Il rischio di contrarre un tumore maligno di trachea, bronchi e polmoni è molto più realistico per gli abitanti della città di Taranto e, in modo particolare, per chi svolge un lavoro nella zona industriale, tenuto conto della continua esposizione agli inquinanti originati soprattutto dalle industrie dell’area, ubicate a diretto contatto con la città (MARZIA, 2004, pp. 30-31).

In tale tragico contesto, si registra l’intervento della Procura della Repubblica di Taranto che ha chiesto il rinvio a giudizio dei cinquantadue imputati coinvolti nel processo «Ambiente svenduto» per il reato di disastro ambientale dell’Ilva. Il provvedimento ha riguardato alti esponenti dell’Ilva e responsabili dell’amministrazione locale e regionale. A tal riguardo, il Procuratore incaricato dell’in- chiesta ha sottolineato che si rilevano le denunce dei cittadini, le documentazioni mediche scientifiche, le perizie tecniche, i danni subiti da agricoltori, mitilicoltori, lavoratori del siderurgico, residenti nel rione Tamburi di Taranto. Per il PM Mariano Buccolieri, l’Ilva continua a inquinare e non ha

adempiuto alle prescrizioni dell’Autorizzazione Integrata Ambientale (AIA).

E se oggi si decidesse di eseguire un sopralluogo nell’area delle cokerie per controllare se si è intervenuti o meno per ridurre l’inquinamento, potrebbe emergere che nulla o quasi è cambiato da luglio 2012, quando scattò il sequestro dell’area a caldo dell’impianto siderurgico.

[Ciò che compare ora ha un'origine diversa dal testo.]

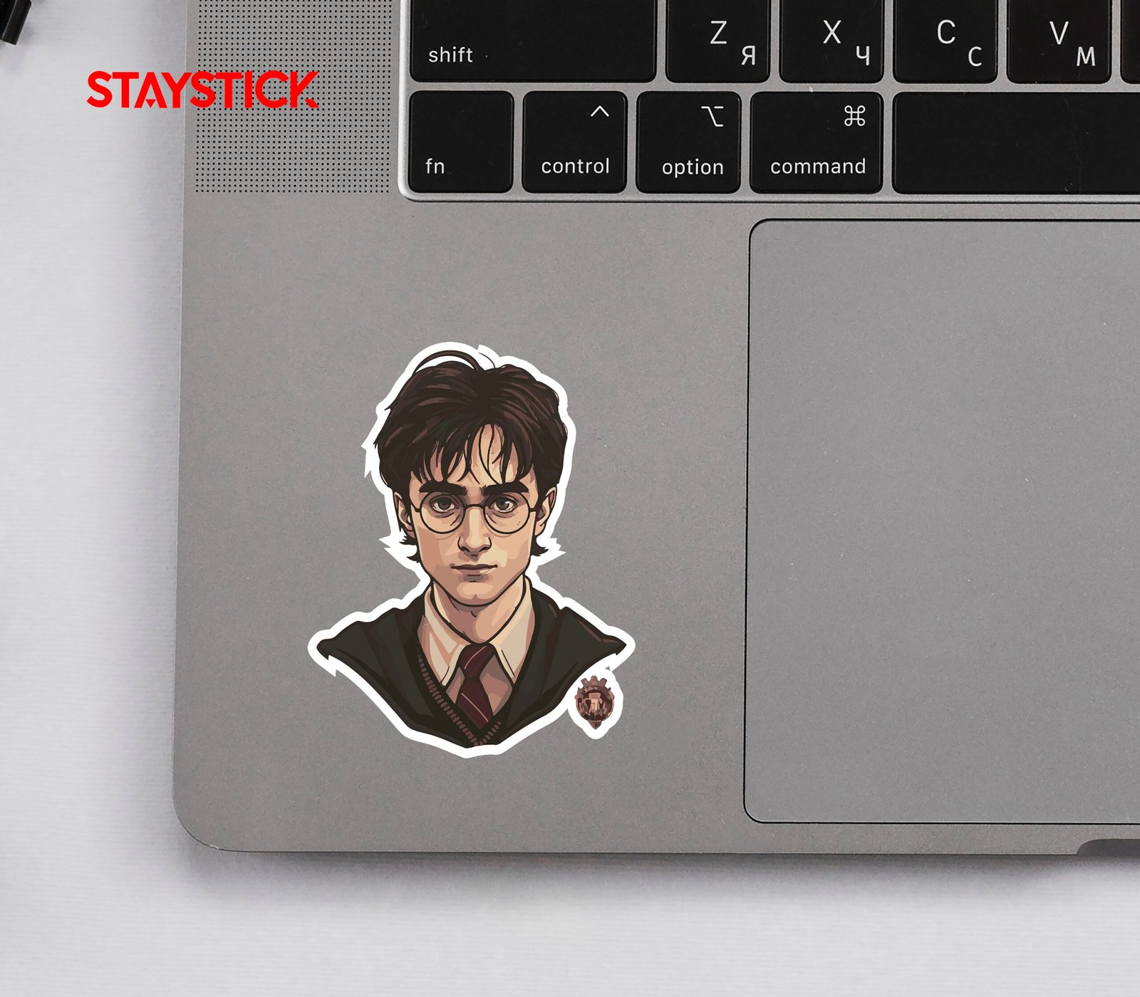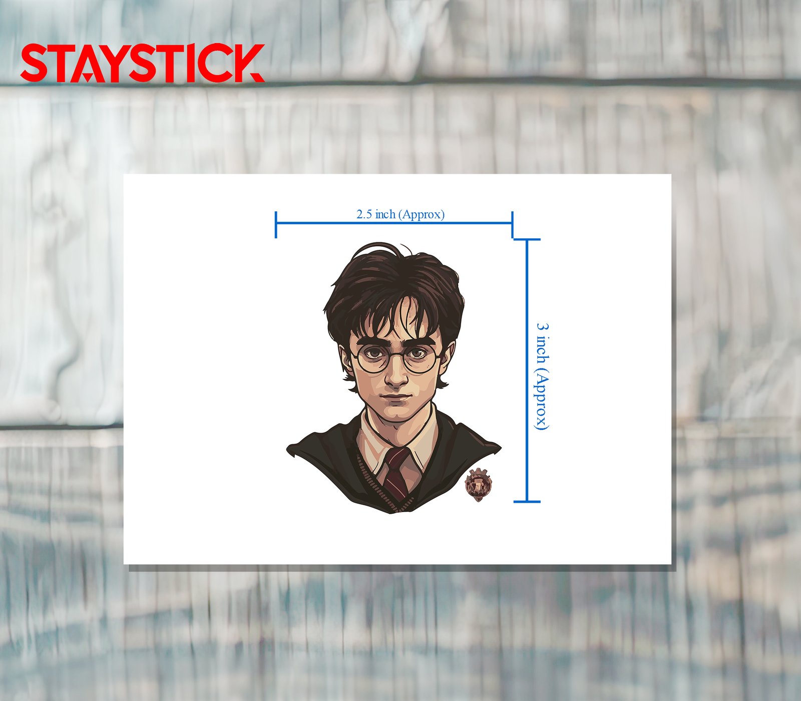 Detailed sticker portrait of a young wizardly student: round spectacles, tousled dark brown hair, and a focused, determined expression. He wears a collared shirt, striped tie, knitted sweater, and dark robe; shading uses warm, painterly strokes and a soft white sticker outline with a small school crest at the corner.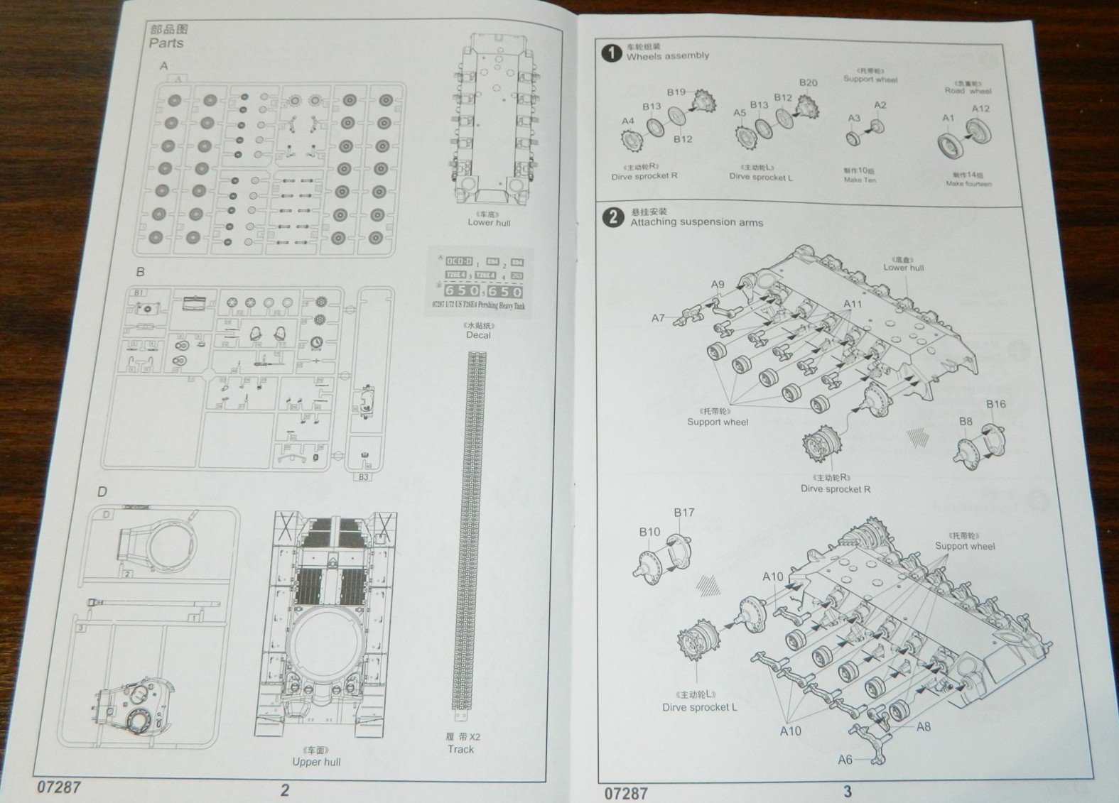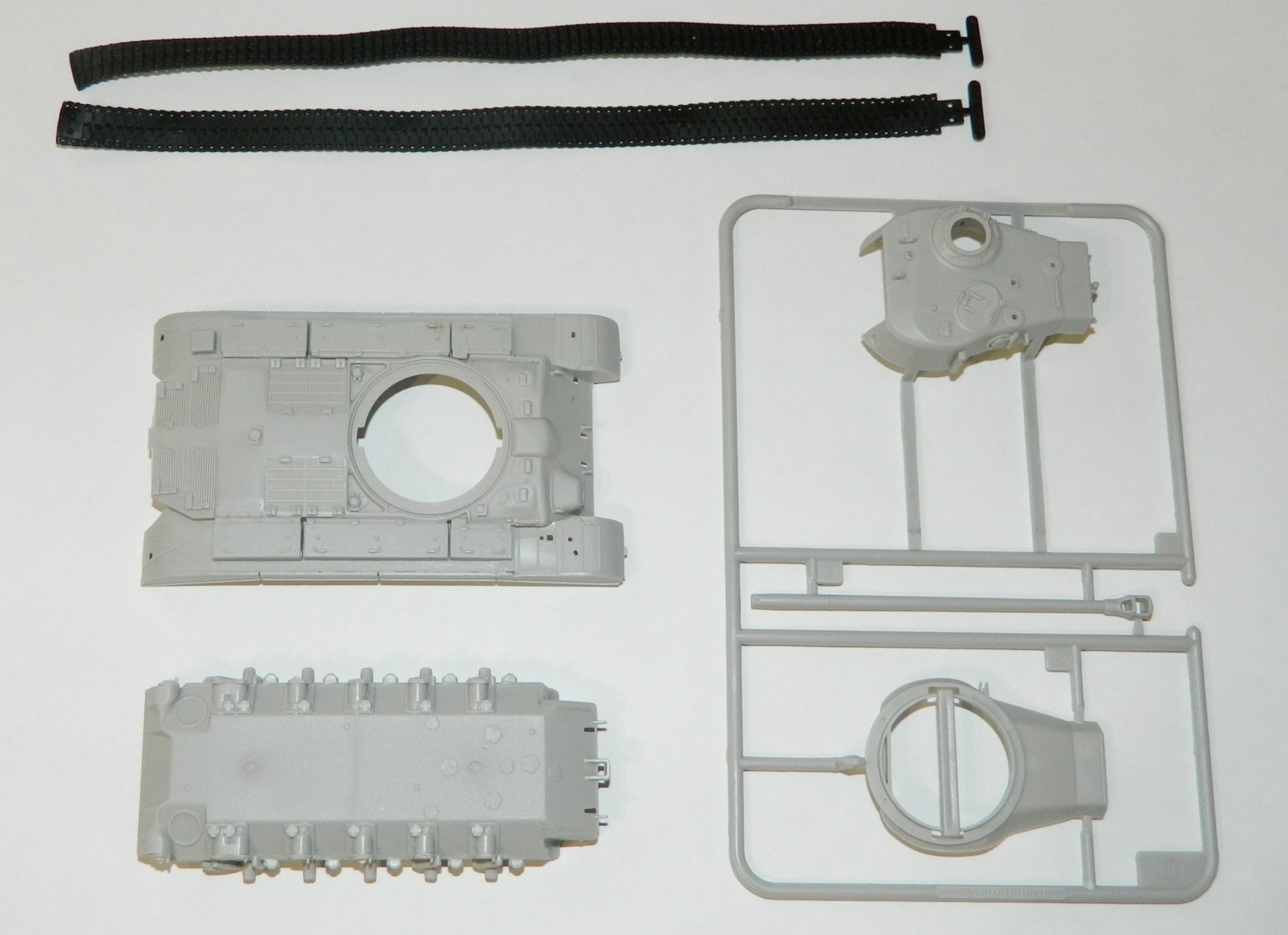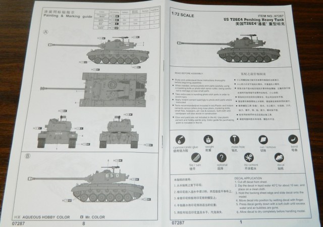 Предлагаю к обзору Pershing, коробка как всегда с хорошей типографией у данного производителя. Инструкция на 8-ми страницах, хорошо читаема и вполне понятна. Все расфасовано в пакетики. Литники отлиты с мелкими огрехами, но не критичны. Траки, как часто бывает у производителя, резиновые Модель приобреталась для эксперимента с последующей постройкой Super Pershing.

Anche nell’area del polo petrolchimico siracusano è stata rilevata una crescita della mortalità per tumori e delle malformazioni neonatali che è stata definita scioccante. In particolare due vicende sono balzate alla cronaca nazionale. La prima è l’inchiesta ordinata nel 1979 dall’allora pretore di Augusta, Antonino Condorelli, sulla salute pubblica nell’area del petrolchimico. Questa ha messo, proprio, in evidenza l’aumento di certi tipi di patologie tumorali e delle malformazioni neonatali nell’area compresa tra Augusta e Priolo (ARANGIO, 2013, p. 78). La seconda è la vicenda giudiziaria

dell’Eternit, ditta produttrice di manufatti in amianto, che aveva una sede nella zona industriale di Siracusa nord, in contrada Targia. Le vicende di questa società, operante in diverse aree del territorio nazionale, sono tristemente note (ibidem). Oggi, la maggioranza degli operai dell’Eternit Sicilia, il cui stabilimento di contrada Targia è stato dismesso nel 1992 (ma non è stato ancora bonificato), è morta. I sopravvissuti sono malati o sottoposti a controlli periodici (NICOTRA, 2012, pp. 35-37). In

totale i decessi accertati per malattie polmonari sono stati 122. Peraltro, i tragici effetti sulla salute hanno coinvolto anche gli altri poli petrolchimici siciliani di Gela e di Milazzo.